CLCT’s NPI down 7.4% YoY to $129.2m in H1

Its gross revenue was also down 7.4% to $184.5m.

CapitaLand China Trust (CLCT) posted a 7.4% year-on-year decline in net property income to reach $129.2m during the first half of the year.

In a statement, CLCT’s manager said its gross revenue also declined by 7.4% to $184.5m, with the distributable income at $63.1m, down by 8.1% YoY.

The company’s financials is affected by higher interest  expenses and lower contribution from CapitaMall Qibao as it stopped operations at end-March.

This was also impacted by foreign currency translations due to the strength of Singapore Dollar against the Renminbi, with the exchange rate increasing 8.9%.

In Renminbi, CLCT’s net property income and gross revenue both rose by 0.8% to RMB663.7m and RMB947.8m, respectively.

ALSO READ: CapitaLand China Trust retail occupancy soars 96.4% in Q1

“China’s GDP grew 6.3% year-on-year in 2Q 2023, and retail sales advanced by 8.2% in 1H 2023. CLCT’s diversified portfolio demonstrated resilience in 1H2023, with improved occupancies and positive rental reversions for both retail and new economy asset classes,” said CLCT Manager CEO Tan Tze Wooi.

“Our proactive and disciplined approach to strengthening our portfolio has led to improvements in retail occupancy over consecutive quarters.
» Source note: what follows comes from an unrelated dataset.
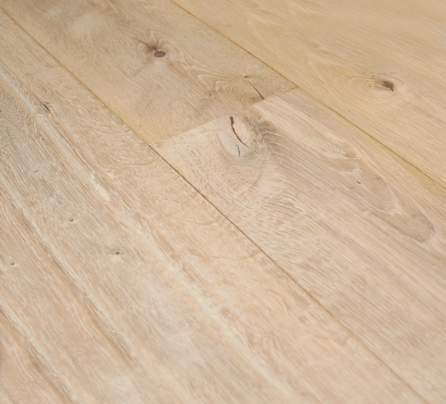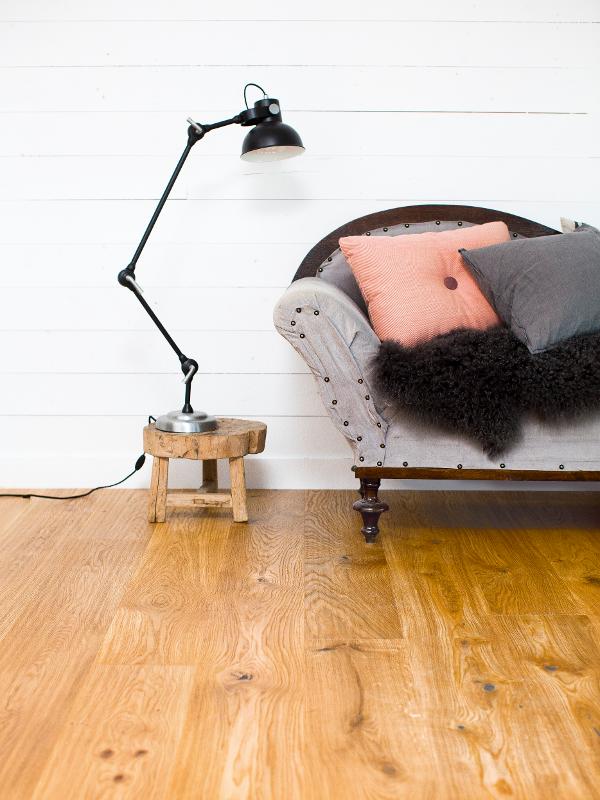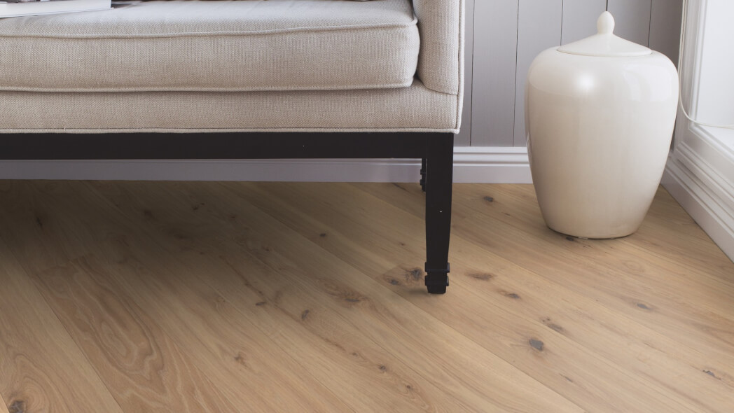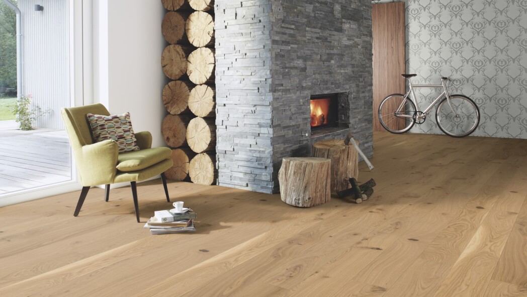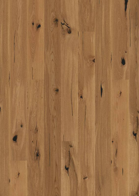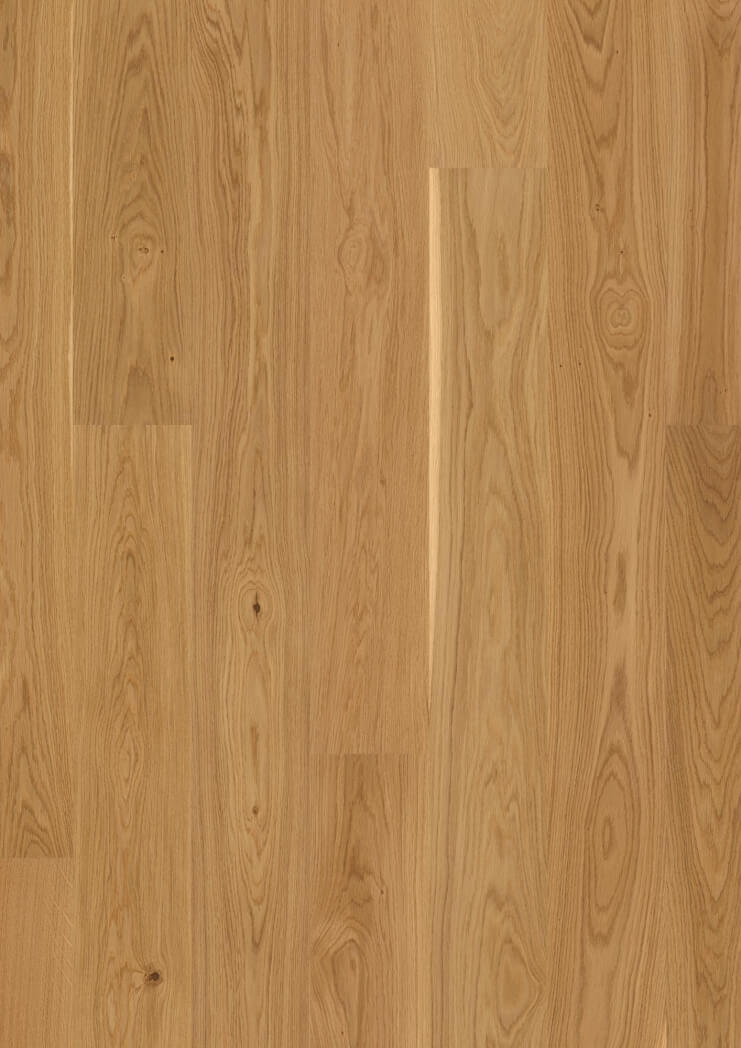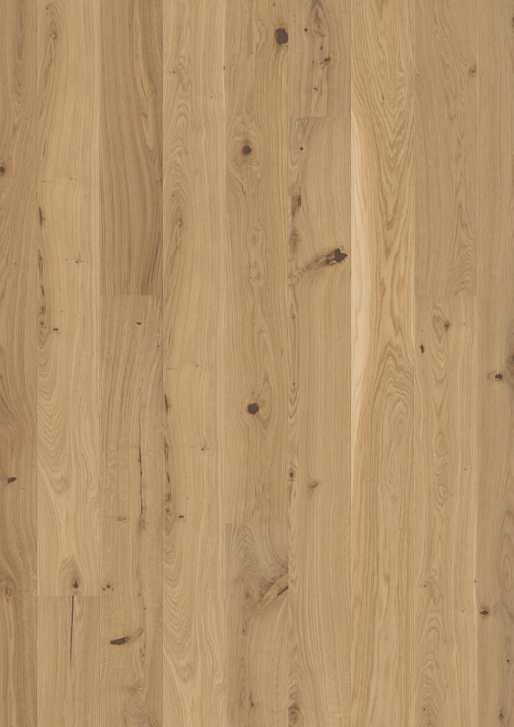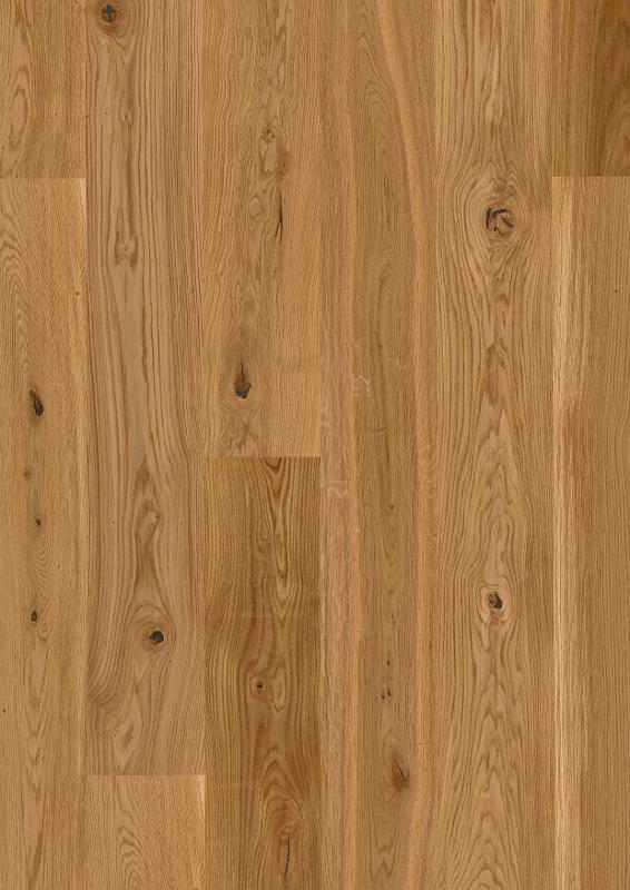 Dąb wykończony lakierem Live Pure, 2-stronnie fazowany, szczotkowany.

The introduction of new retail concepts and tenant offerings has attracted higher footfall, resulting in double-digit growth in tenant sales, with the leading malls surpassing pre-COVID levels in 2Q 2023,” he added.

The enhancement of the CapitaMall Grand Canyon and Rock Square are expected to be completed in the third quarter and will boost the company’s income in the second half of the year.

Tan added that the company’s portfolio is “well-positioned” to capitalise on business and consumption flows amidst the recovery of the macroenvironment and consumer confidence.